The action in platinum and in palladium moderated somewhat this morning following a flurry of speculative action seen earlier in the week. While electricity supply problems continue to plague South Africa's mines, the countervailing news that China's auto sales have slowed in 2011 and are now trailing those of the US for the first time in 14 years put a damper on further robust gains in the complex this morning. Platinum advanced $1 to $1,493 while palladium fell $2 to $640 per ounce.
And now, we go over to the USA for a roundup of pertinent economic metrics. The US Commerce Department reported that the country's retail sales grew by 0.1% in December (to about $400 billion). Santa did not appear to be as kind to shopkeepers as economists had anticipated (when they estimated a sales growth of 0.3%). In fact, if we take out a 1.2% rise in car sales, America's retail sales actually fell by 0.2% in December, and core sales did decline 0.2% for the first time in twelve months.
Another, not-so-hot statistic was released in the form of a rise in jobless claims filings in the latest week of reporting. It could be that the 24,000 claims are the result of many mall Santas being let go, but the computation actually makes sense in a seasonal kind of way. Jobless claims normally rise in the first couple of weeks of January as firms cut back on temporary help and as mail and delivery firms also go on hiatus during the in-between Christmas and New Year week. What should be kept in mind here is that, overall, jobless claims have recently fallen to their lowest level in three years and that the US economy did add 200,000 jobs in December, continuing to show improvement in the country's economy.
The Fed's Beige Book noted as much, when it was released on Wednesday. The US central bank stated that the American economy expanded at a "modest to moderate" rate in December but that housing remained "stagnant-to-sluggish" (despite the fact that foreclosures at least, reached their lowest level since 2007). The upcoming FOMC meeting on the 24th of the month will thus, once again, be defined by very likely continuing divergent views on easing (versus not) among its members. The Fed's Mr. Evans said that the central bank should consider further easing, while Mr. Bullard recently said that he sees no need for same given recent economic metrics. Another Fed official, Mr. Plosser, said that improving US economic conditions may warrant a Fed rate hike before the mid-2013 "commitment" timeframe. All of this leaves us with a fair amount of speculative-flavored commentary on the Fed yet to come.

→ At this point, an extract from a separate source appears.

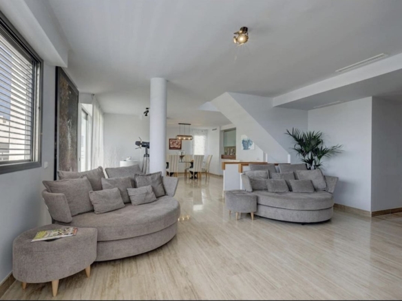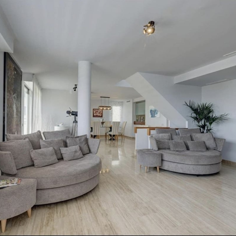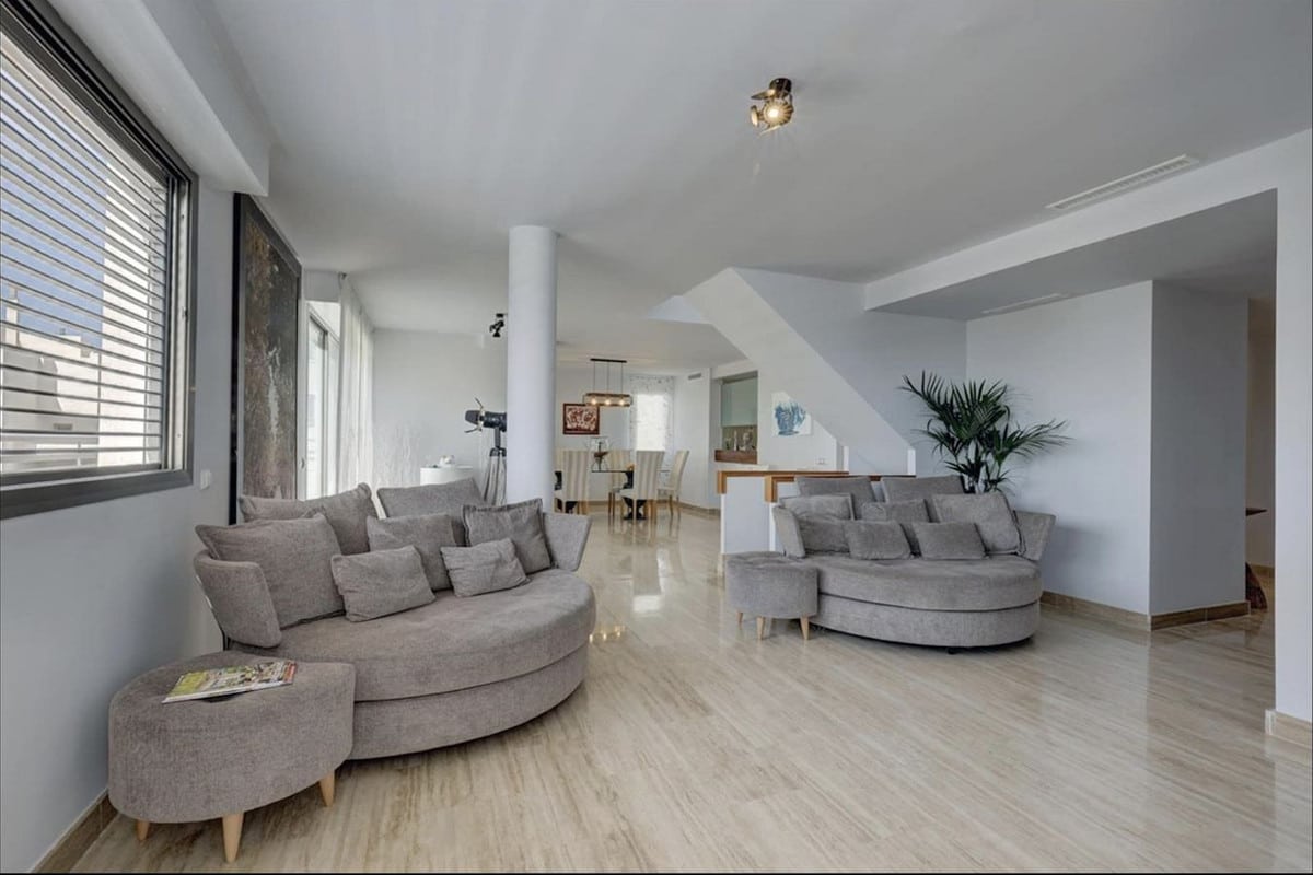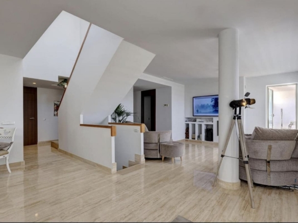 immaculate throughout, this penthouse offers modern comforts like centralized air conditioning (hot and cold), adjustable for each room, underfloor heating in the bathrooms, two underground parking spaces, and two storage rooms. The secure, gated community is equipped with newly installed CCTV and offers two stunning pool areas for residents to enjoy.

There is no alternative.
Speaking of speculation, prediction, commentaries, and such, consider Marketwatch's recent list of what noises to consider tuning out in 2012 when making your investment decisions. Still expecting a muni-bond collapse? Still anticipating a dead US dollar? Still waiting for hyper-inflation or a Dow Jones=1 oz. of Au? Go ahead, read and ponder. The only unsure thing thus far remains the validity of the Mayan calendar and the late December debacle it portends. We will tune in for that one.
Jon Nadler is senior metals analyst with Kitco Metals Inc. in Montreal.